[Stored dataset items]
::::::::::

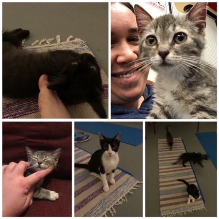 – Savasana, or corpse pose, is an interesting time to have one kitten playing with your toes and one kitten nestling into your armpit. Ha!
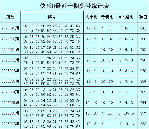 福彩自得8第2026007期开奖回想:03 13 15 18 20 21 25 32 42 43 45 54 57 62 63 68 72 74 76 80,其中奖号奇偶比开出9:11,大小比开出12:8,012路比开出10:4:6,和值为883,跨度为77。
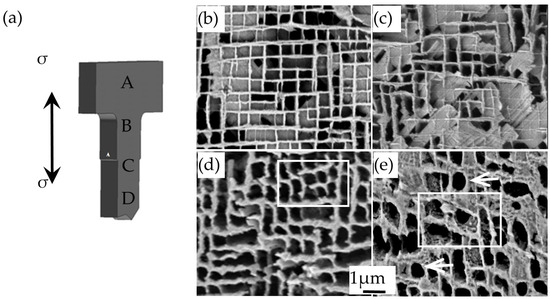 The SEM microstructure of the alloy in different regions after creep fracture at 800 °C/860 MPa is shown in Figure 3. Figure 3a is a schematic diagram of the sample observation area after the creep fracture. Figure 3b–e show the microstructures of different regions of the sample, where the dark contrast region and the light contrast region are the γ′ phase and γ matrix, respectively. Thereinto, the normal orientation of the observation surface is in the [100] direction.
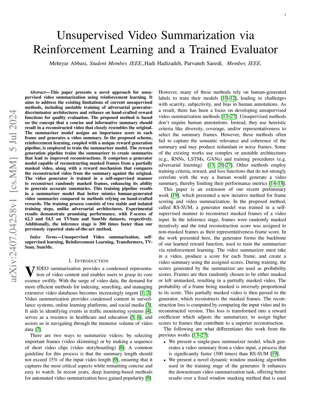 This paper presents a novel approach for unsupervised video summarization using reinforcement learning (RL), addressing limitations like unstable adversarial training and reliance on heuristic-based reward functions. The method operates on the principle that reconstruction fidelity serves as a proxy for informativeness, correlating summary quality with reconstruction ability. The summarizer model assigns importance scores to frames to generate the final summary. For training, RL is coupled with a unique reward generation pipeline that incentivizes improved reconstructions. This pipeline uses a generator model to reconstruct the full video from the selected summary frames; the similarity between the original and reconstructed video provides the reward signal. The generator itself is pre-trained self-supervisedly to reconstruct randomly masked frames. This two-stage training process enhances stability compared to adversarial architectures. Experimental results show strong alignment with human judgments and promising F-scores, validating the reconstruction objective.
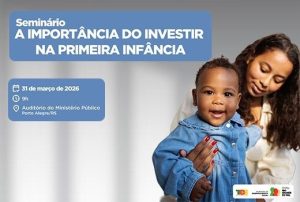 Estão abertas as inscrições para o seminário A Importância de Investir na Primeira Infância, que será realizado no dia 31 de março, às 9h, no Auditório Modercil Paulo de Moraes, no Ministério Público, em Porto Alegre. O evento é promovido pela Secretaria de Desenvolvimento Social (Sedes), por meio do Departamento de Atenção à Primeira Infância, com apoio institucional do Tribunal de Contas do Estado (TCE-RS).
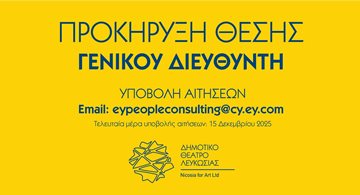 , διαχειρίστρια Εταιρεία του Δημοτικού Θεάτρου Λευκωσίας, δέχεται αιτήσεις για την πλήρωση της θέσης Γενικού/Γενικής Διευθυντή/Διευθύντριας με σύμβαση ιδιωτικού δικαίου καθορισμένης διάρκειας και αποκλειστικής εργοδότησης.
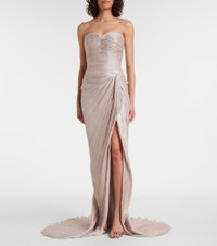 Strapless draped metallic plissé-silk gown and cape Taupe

::::::::::

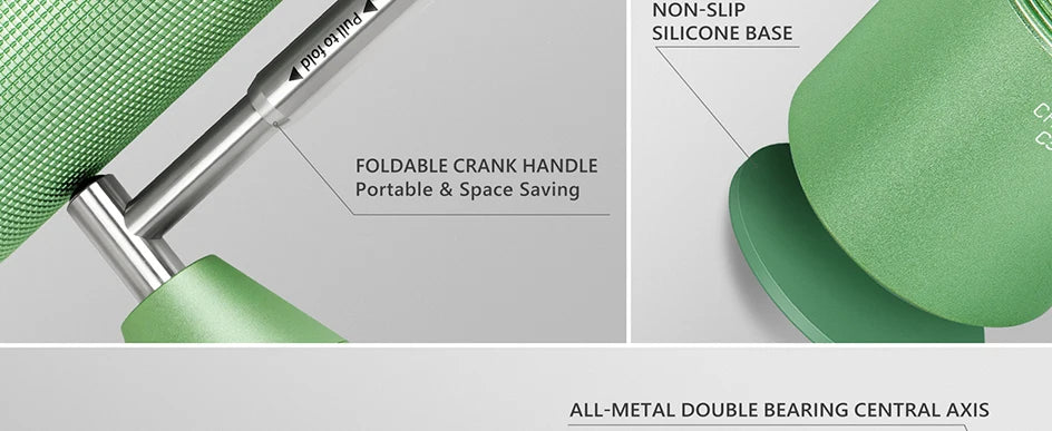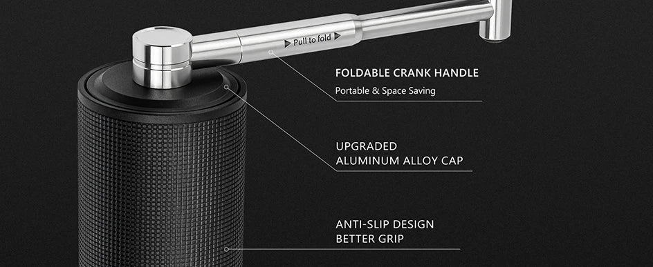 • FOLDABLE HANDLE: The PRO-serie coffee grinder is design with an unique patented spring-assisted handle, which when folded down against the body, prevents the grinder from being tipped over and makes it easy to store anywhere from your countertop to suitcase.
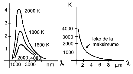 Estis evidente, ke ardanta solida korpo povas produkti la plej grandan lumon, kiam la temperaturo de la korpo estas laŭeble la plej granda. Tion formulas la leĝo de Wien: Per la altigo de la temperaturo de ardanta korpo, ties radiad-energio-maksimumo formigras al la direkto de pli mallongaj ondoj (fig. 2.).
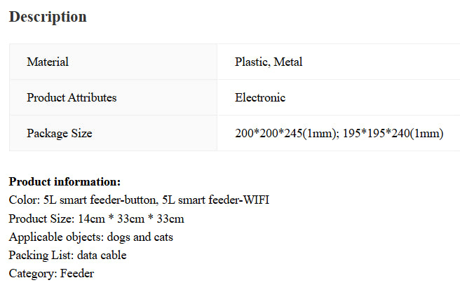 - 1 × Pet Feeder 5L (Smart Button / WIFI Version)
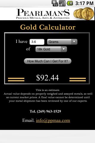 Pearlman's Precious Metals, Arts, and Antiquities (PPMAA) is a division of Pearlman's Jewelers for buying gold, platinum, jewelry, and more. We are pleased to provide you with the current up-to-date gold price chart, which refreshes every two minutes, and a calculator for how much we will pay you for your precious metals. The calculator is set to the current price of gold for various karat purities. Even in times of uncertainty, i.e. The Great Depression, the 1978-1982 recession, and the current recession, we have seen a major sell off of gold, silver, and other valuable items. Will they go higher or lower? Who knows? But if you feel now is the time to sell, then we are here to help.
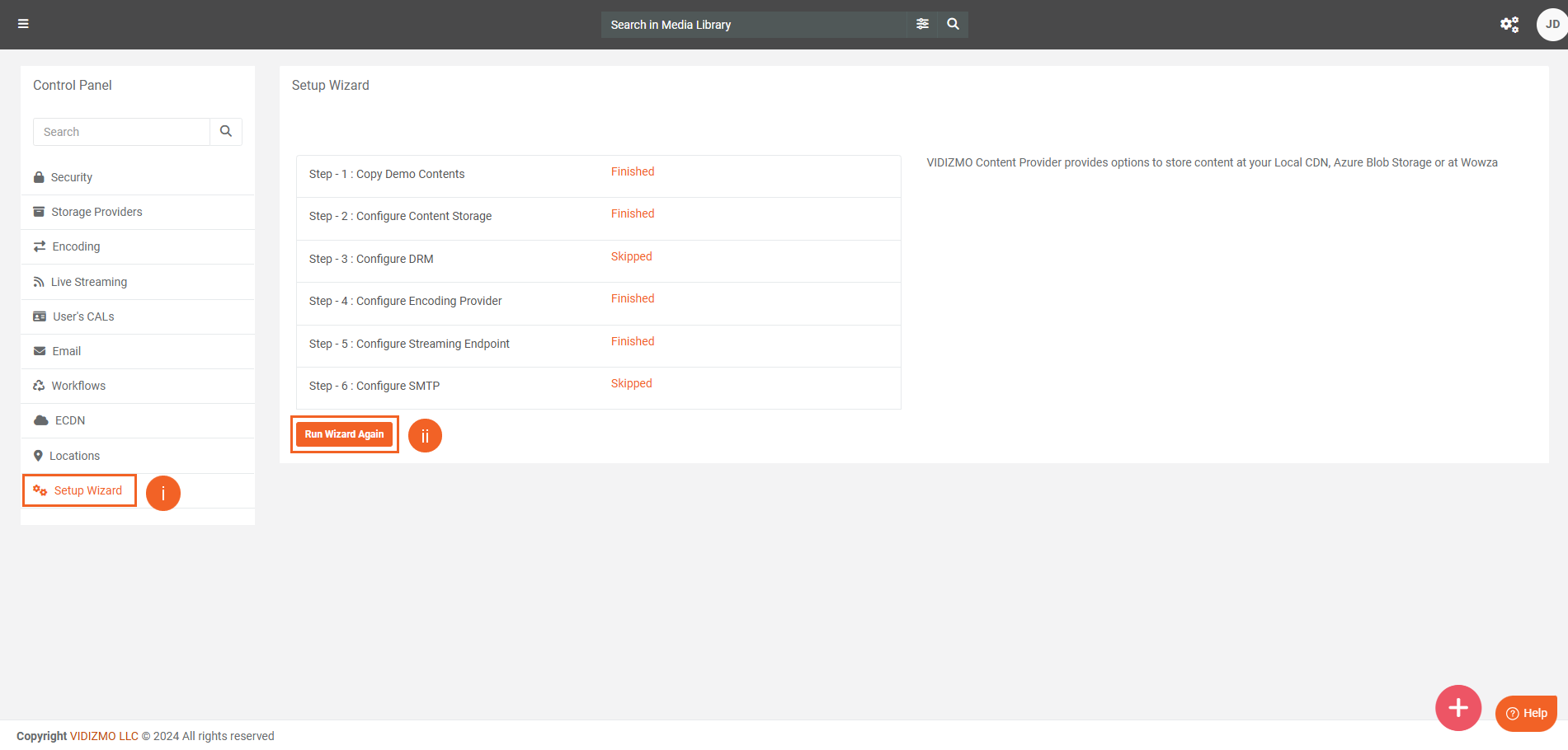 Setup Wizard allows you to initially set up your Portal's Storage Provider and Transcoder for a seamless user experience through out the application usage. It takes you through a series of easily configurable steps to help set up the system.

::::::::::

→ **Task to complete**: Within the entries above, give again exactly the lines starting at the one that contains "countertop to suitcase." and ending at the one that contains "- 1 × Pet Feeder", leaving out the pictures.

→ **Result for this exercise**:
 • FOLDABLE HANDLE: The PRO-serie coffee grinder is design with an unique patented spring-assisted handle, which when folded down against the body, prevents the grinder from being tipped over and makes it easy to store anywhere from your countertop to suitcase.
 Estis evidente, ke ardanta solida korpo povas produkti la plej grandan lumon, kiam la temperaturo de la korpo estas laŭeble la plej granda. Tion formulas la leĝo de Wien: Per la altigo de la temperaturo de ardanta korpo, ties radiad-energio-maksimumo formigras al la direkto de pli mallongaj ondoj (fig. 2.).
 - 1 × Pet Feeder 5L (Smart Button / WIFI Version)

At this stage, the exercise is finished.